Durante décadas, os cosmólogos refinaram a nossa compreensão do universo como editores de filmes obsessivos, ajustando constantemente a narrativa. A história actual – o Big Bang, expansão impulsionada pela energia escura e moldada pela matéria escura – é uma conquista surpreendente, mas parece cada vez mais incompleta. Agora, novos dados de telescópios poderosos sugerem que a energia escura não é o que pensávamos que era, forçando uma potencial reescrita da nossa compreensão cósmica.
O problema não é apenas que o universo é estranho; é que o modelo padrão, conhecido como Lambda-CDM, está apresentando rachaduras. Este modelo, construído com base na teoria da relatividade de Einstein e em décadas de observação, tem sido notavelmente bem-sucedido, prevendo com precisão estruturas de grande escala a partir de flutuações quânticas.
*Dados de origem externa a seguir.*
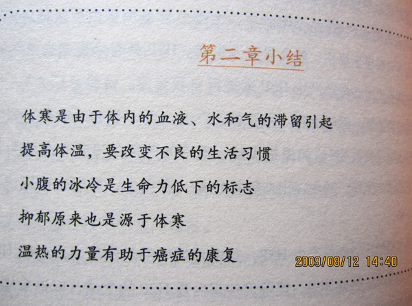 这点我是很有体会阿,当我知道自己是寒体质以后,我开始注意保暖,只喝热水或者常温水,对冰饮是绝对说“NO”的,而且还根据书中介绍的开始特别注意腹部的保暖!因为肚脐下面的子宫和卵巢等脏器都需要得到温暖,我还专门买了一个“腰腹带”,每天晚上热敷肚子15-30分钟,整个肚子暖暖的好舒服啊,而且睡眠质量也提高了,可脸上开始拼命的冒痘痘!我分析是体内的那些湿气因为体内气血开始运行要排出体内了!所以我不是非常在意这些痘痘,从开始冒痘到现在已经快一个多月了,可我并不着急,因为我知道那是身体在排毒和湿气!因为我这个寒体质是28年累积起来的哦,所以我希望给自己的身体足够的时间排出以前积攒的湿气和毒素:)

No entanto, componentes-chave como a matéria escura e a energia escura continuam a ser espaços reservados inexplicáveis, invocados para explicar observações sem uma base física fundamental.
A tensão Hubble: um desacordo crescente
Uma questão importante é a tensão de Hubble : dois métodos diferentes de medir a taxa de expansão do universo discordam. A extrapolação a partir da radiação cósmica de fundo (CMB) dá um valor de cerca de 67 quilómetros por segundo por megaparsec, enquanto medições diretas usando supernovas e estrelas variáveis produzem cerca de 73. Esta discrepância sugere que algo está fundamentalmente errado com o modelo atual. Apesar de anos de debate, a tensão não desapareceu; só ficou mais pronunciado.
Resultados DESI: um avanço potencial
Dados recentes do Instrumento Espectroscópico de Energia Escura (DESI) podem finalmente fornecer a clareza necessária. O DESI pesquisa milhões de galáxias para reconstruir a expansão cósmica com uma precisão sem precedentes. Os resultados, divulgados em março de 2025, indicam que a energia escura pode estar a enfraquecer com o tempo, desafiando a suposição de que é uma força cosmológica constante.
Esta descoberta ainda não é conclusiva. A significância estatística é de 4,2 sigma, abaixo do padrão ouro de 5 sigma. No entanto, alguns cientistas acreditam que este é um sinal crucial. “Na verdade, foi bastante assustador”, diz Will Percival, astrofísico da colaboração DESI. “Mas, em muitos aspectos, é exatamente isso que as pessoas estavam esperando… experimentos que nos levam ao desconhecido.”
O que vem a seguir?
Se confirmados, os resultados do DESI forçariam os cosmólogos a abandonar o Lambda-CDM. A explicação mais simples é que a energia escura não é energia do vácuo, mas um campo dinâmico semelhante aos que governam outras forças fundamentais. No entanto, tais modelos requerem um ajuste fino para explicar porque é que a influência da energia escura se fortaleceu na história cósmica recente. Teorias mais radicais sugerem que a própria gravidade pode comportar-se de forma diferente em grandes escalas, com transferência de energia entre a matéria comum e a energia escura.
O caminho a seguir é incerto. O universo não revela seus segredos facilmente. Mas, pela primeira vez em décadas, os cosmólogos têm uma direção clara, embora perturbadora, para pesquisas futuras. O modelo atual está desmoronando; uma nova história cósmica está sendo escrita.
Há cada vez mais evidências de que a nossa imagem padrão do universo pode ser fundamentalmente falha. Este não é apenas um pequeno ajuste; é um chamado para uma reescrita completa do nosso entendimento.